Connectivity across racks and clusters inside the data center.

Scale-across

Interconnecting AI clusters across multiple facilities using data center interconnect technologies.

Supporting these architectures requires a new generation of networking hardware.

The industry is rapidly moving beyond traditional 100G and 400G environments toward:

• 800GbE switching
• 1.6TbE platforms
• OSFP optics
• Open rack architectures
• Liquid-cooled networking solutions

As GPU density increases, power delivery and cooling are becoming just as important as bandwidth.

Future-ready data centers must be designed with networking, compute, power and cooling operating as a unified system.

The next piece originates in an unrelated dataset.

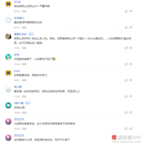 对于此次东阿阿胶提价,爱股票用户的主要的质疑点还在于“阿胶到底补不补、值不值上市价?”
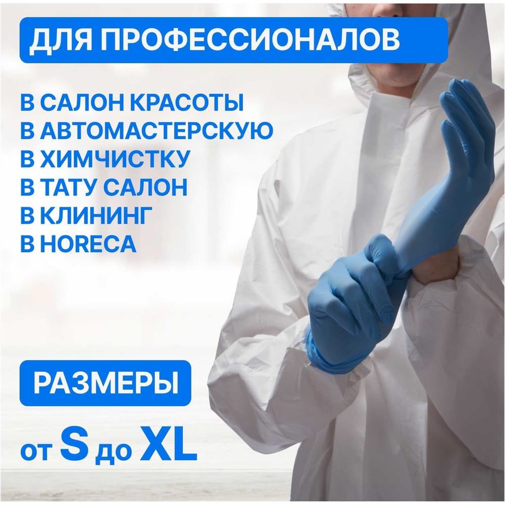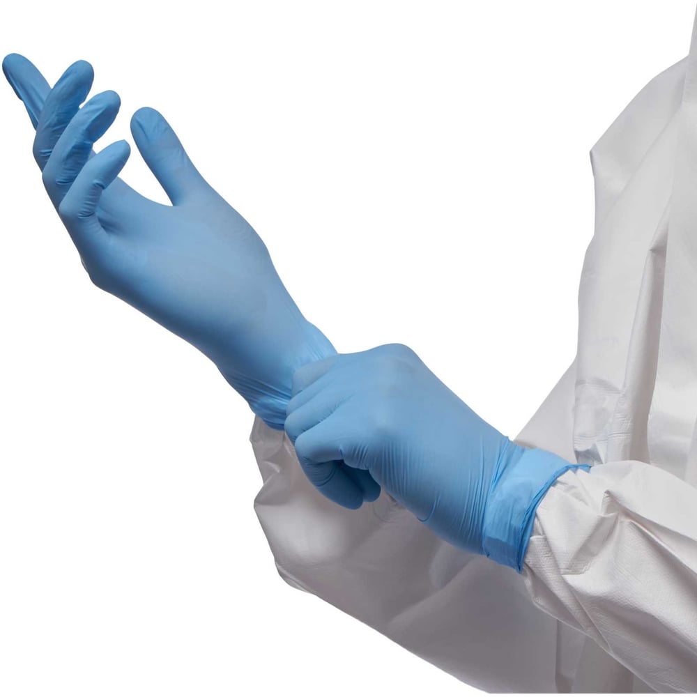 Нитриловые перчатки с текстурированными пальцами Puretech Neutrino 24 см, L, голубые, 50пар G1053

What this means for data center teams

The combination of intent-based networking, contextual awareness, AI reasoning and predictive analytics delivers measurable operational benefits.

Reduced cognitive load

Critical operational knowledge moves from individual engineers into a shared, machine-readable model.

Faster troubleshooting

AI-assisted diagnostics provide contextual recommendations backed by evidence.

Proactive operations

Potential failures can be addressed before they affect production services.

Lower operational risk

Continuous validation helps eliminate configuration drift and deployment errors.

Better scalability

Teams can manage increasingly complex environments without proportional increases in operational overhead.

The road to the self-driving data center

For years, the idea of a self-driving data center felt like a futuristic vision.

Today, it feels increasingly achievable.

The combination of intent-based networking, contextual graphs, AI-powered reasoning, predictive maintenance and infrastructure built for AI scale represents a fundamental shift in how data centers are designed and operated.

The innovation isn't simply adding AI to existing management tools.

It's creating an architecture where context, relationships, intent and reasoning are built directly into the foundation.

As AI workloads continue to grow and infrastructure becomes more complex, organizations that embrace these principles will be better positioned to reduce operational overhead, improve resiliency and accelerate innovation.

The self-driving data center isn't a future concept anymore.

The building blocks are already here.